JO: Klaebo refait l'histoire des Jeux, les Bleus écrivent la leur
Du jamais vu! L'équipe de France de ski de fond, emmenée par un Mathis Desloges encore impressionnant, a décroché une troisième médaille d'argent lors des JO de Milan Cortina, en relais derrière la Norvège de Johannes Klaebo, devenu l'athlète le plus titré des Jeux d'hiver avec neuf médailles d'or.
A 23 ans, Desloges monte pour la troisième fois sur la deuxième marche du podium, après ses prouesses dans le skiathlon et le 10 km individuel, une performance inédite pour un fondeur français aux Jeux.
"C'est largement la plus belle parce qu'elle est partagée avec les trois coéquipiers qui ont fait le relais mais aussi avec tous ceux qui sont derrière l'équipe de France, le staff, les techniciens qui bossent sur les skis, les coachs... Elle représente beaucoup plus que juste quatre personnes qui font une course", a réagi le skieur de Villard-de-Lans en zone mixte.
C'est une performance historique aux Jeux pour les fondeurs français qui, au mieux, avaient remporté deux médailles - en bronze - en une édition lors des JO-2018 en Corée du Sud, avec des troisièmes places dans le sprint par équipes et le relais.
"C'est incroyable ce qu'on vit là en ce moment et ça fait tellement plaisir pour le ski de fond français d'être un peu mis en lumière", a souligné Hugo Lapalus, le plus expérimenté des quatre à 27 ans et le seul à avoir déjà participé aux Jeux.
Le Haut-Savoyard était de l'aventure il y a quatre ans à Pékin, marquée par une troisième médaille de bronze d'affilée en relais.
Mais cette année, les Bleus ont changé de dimension. "Il n'y a plus cette pensée d'avant qui consistait à se dire: +Ok c'est impossible, on va juste se contenter d'être deuxième+", insiste Lapalus qui veut "tout faire" pour battre les Norvégiens en 2030 lors des Jeux dans les Alpes françaises.
Pour le fondeur de La Clusaz, les coups d'éclat de Desloges ont "galvanisé" l'équipe. Avec le jeune Isérois, les Bleus se sont trouvé un leader qui a assumé son statut dimanche, en replaçant son équipe de la quatrième à la deuxième position dans le troisième relais.

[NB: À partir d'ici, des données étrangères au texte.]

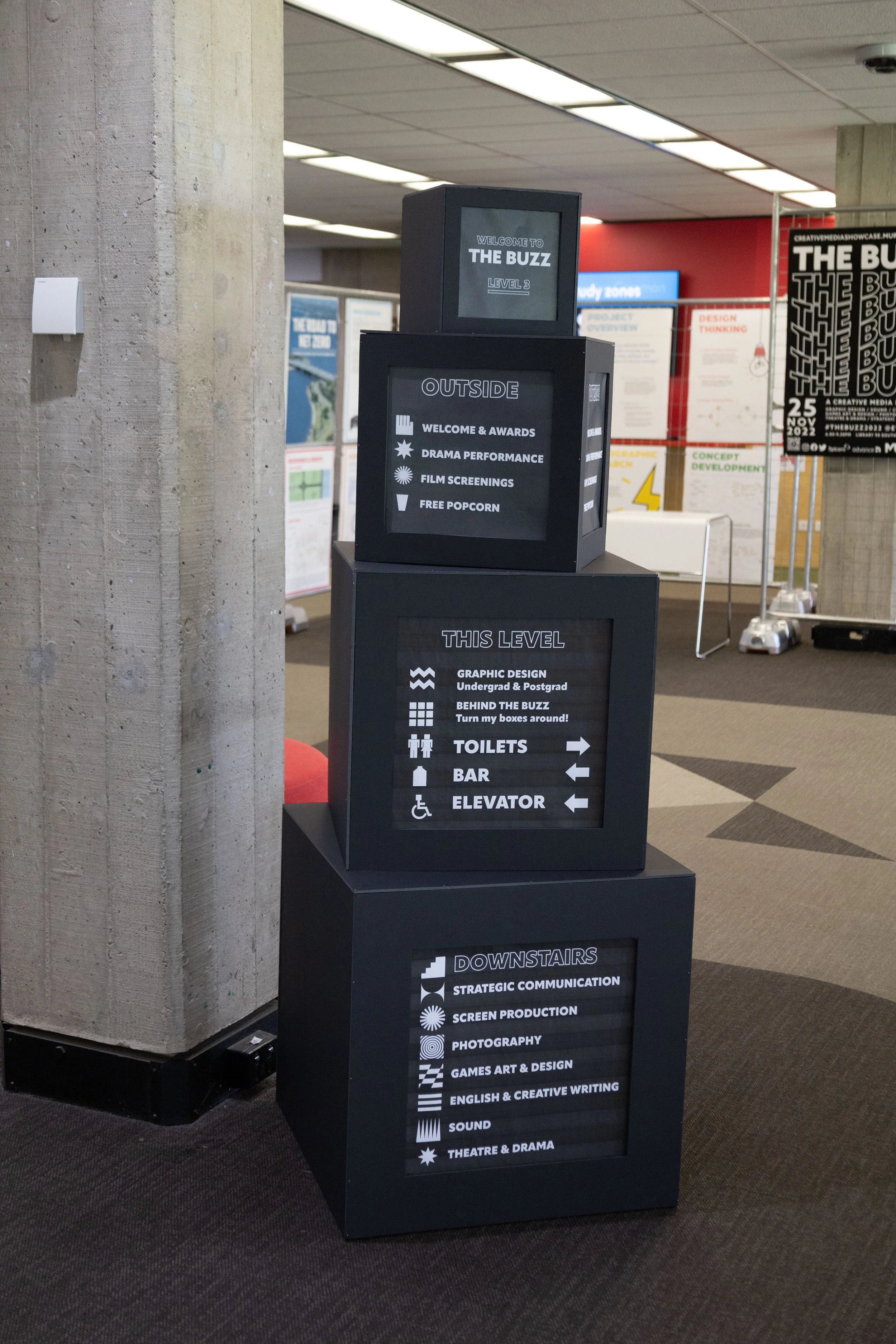 The main outcomes of the THE BUZZ showcase were to give students the opportunity to present their work to an audience, celebrate their success, and network with creative media industry professionals. While the Service Design class benefitted by building technical, team management and communication skills – thereby readying them for service design opportunities in the work field.

Et ses deux autres partenaires, Théo Schély (26 ans) et Victor Lovera (25 ans), premier et dernier relayeurs, ont apporté leur pierre à l'édifice pour obtenir l'argent, devant l'Italie en bronze.
- les jambes "dures" de Lovera -
Lovera, qui avait la responsabilité de finir le boulot, a reconnu avoir "eu peur dans les virages" et "les jambes dures" mais tout s'est bien terminé et il a vécu "beaucoup d'émotions" en portant le drapeau français dans les derniers mètres, après que Klaebo a passé la ligne d'arrivée en premier.
Seul désormais au sommet du palmarès des JO, le Norvégien dépasse ses trois compatriotes, les ex-fondeurs Marit Bjoergen et Bjoern Daehlie et l'ancien biathlète Ole Einar Bjoerndalen (huit titres), qu'il avait rejoints vendredi en remportant le 10 km individuel.
Sous un ciel radieux, après la pluie de samedi et de nombreuses chutes des athlètes dans le relais féminin, la Norvège a fait la course en tête. Bien aidé par le travail de ses partenaires Emil Iversen, Martin Nyenget et Einar Hedegart, Klaebo, a géré l'avance de son équipe sans prendre de risques.
- Klaebo loue son grand-père -
Après cette quatrième médaille d'or en Italie, la "comète" (son surnom) de Trondheim a rendu hommage à son grand-père, qui l'entraîne depuis ses 15 ans et qui reste, à 83 ans, "la personne la plus innovante" dans sa manière d'aborder le ski de fond.
"Je ne serais pas ici sans lui", a souligné le Norvégien, qui se rapproche du "Grand Chelem, c'est-à-dire remporter les six courses au programme des JO.
Klaebo l'a déjà fait lors des derniers Mondiaux, organisés dans sa ville l'an passé.
En Italie, il reste deux épreuves de ski de fond: le sprint par équipes mercredi et le 50 kilomètres samedi. Klaebo peut-il faire une razzia?
"Bien sûr qu'il peut y arriver!", assure son coéquipier Martin Nyenget. "Il est sur le bon chemin et en super forme. Rien n'est impossible pour Johannes."